Upper abdominal pain during pregnancy
Also Pregnant women often suffer from epigastric pain. Most of the time, the abdominal pain is harmless and occurs because of Stretching of the abdominal wall and the Displacement of the abdominal organs by the growing child in the womb. In addition to the causes mentioned, upper abdominal pain during pregnancy can also have the following reasons:
Often occurs in pregnancy heartburn with upper abdominal pain. The reason for this is the backflow of Stomach acid into the esophagus due to the changed position of the gastrointestinal tract during pregnancy. Since not all drugs are approved for pregnant women, the gynecologist should always be consulted first.
Hyperemesis gravidarum (Nausea / vomiting during pregnancy): Some pregnant women mainly suffer from in the first trimester of pregnancy with severe nausea with vomiting and upper abdominal pain. These symptoms should be clarified promptly by the gynecologist.
- HELLP syndrome: This is a life-threatening clinical picture at the end of pregnancy, with upper abdominal pain often being the first sign. Also step here high blood pressure, increased liver values and decreased blood platelets together on. The suspicion of one HELLP syndrome should lead to immediate hospitalization.
see also: Upper abdominal pain pregnancy
1. First of all, the doctor will take a precise history of pain in order to narrow down the possible causes of upper abdominal pain:
How severe is the pain (0-10)?
How is the pain (dull or sharp)?
Where is he strongest? Where is it radiating to?
Is the pain permanent? Does the intensity fluctuate?
How long has it existed? Was there a trigger for the pain? In which situations is the pain particularly severe?
What alleviates or aggravates the pain?
Are there any other symptoms?
2. This is followed by the physical examination:
Inspection (looking at): Attention is paid to protrusions, skin changes, scars and hernial openings.
Auscultation (listening): Are the bowel noises normally present?
Percussion (tapping): Is there air or liquid in the abdomen?
Palpation (palpation): can indurations be felt? The situation is particularly threatening if, in addition to abdominal pain, there is tension in the immune system. I.e. if the stomach is "hard as a board" when examined. In this case a doctor should be consulted immediately.
Rectal examination (palpation of the anal area): In the case of abdominal pain, the rectum is often palpated to e.g. Recognize bleeding as the cause of the abdominal pain.
3. The blood sample should provide evidence of inflammation and impaired organ functions (liver, kidneys, pancreas, heart). A pregnancy test should also always be performed in women with abdominal pain.
4. In the case of upper abdominal pain, a heart attack should always be excluded with the help of an EKG.

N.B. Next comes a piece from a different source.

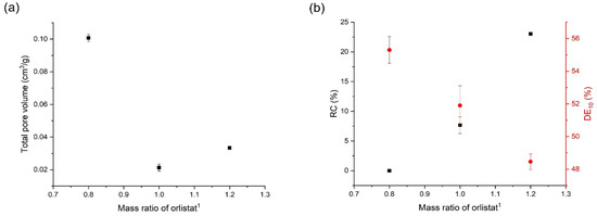 3.5. Effects of Mesoporous Silica:Drug Mass Ratio on the Orlistat Loading Behavior onto Mesoporous Silica

5. Ultrasound examinations / X-rays or computed tomography are used to immediately identify or exclude acutely life-threatening clinical pictures.
Read more on the topic: Ultrasound of the abdomen
6. Further examinations: gastroscopy, colonoscopy, visualization of the biliary tract (ERCP), etc.
In order to be able to treat the upper abdominal pain adequately, the cause must always be clarified first. In particular, it is important to recognize or rule out life-threatening diseases immediately in order to decide whether, for example, an operation is immediately necessary.
Urgent indication for surgery: Perforation of a hollow organ or aortic aneurysm, intestinal infarction, Rupture of the spleen
Does not require acute surgery: Aortic aneurysm (as long as there is no risk of a tear), diaphragmatic hernia, gallbladder inflammation / gallstone disease, abscesses
Conservative treatment Temporary abstinence from food or light food already leads to an improvement in most other causes of upper abdominal pain.
In addition, i.a. the following therapy principles applied:
- Administration of antibiotics for inflammation (inflammation of the pancreas, diverticulitis)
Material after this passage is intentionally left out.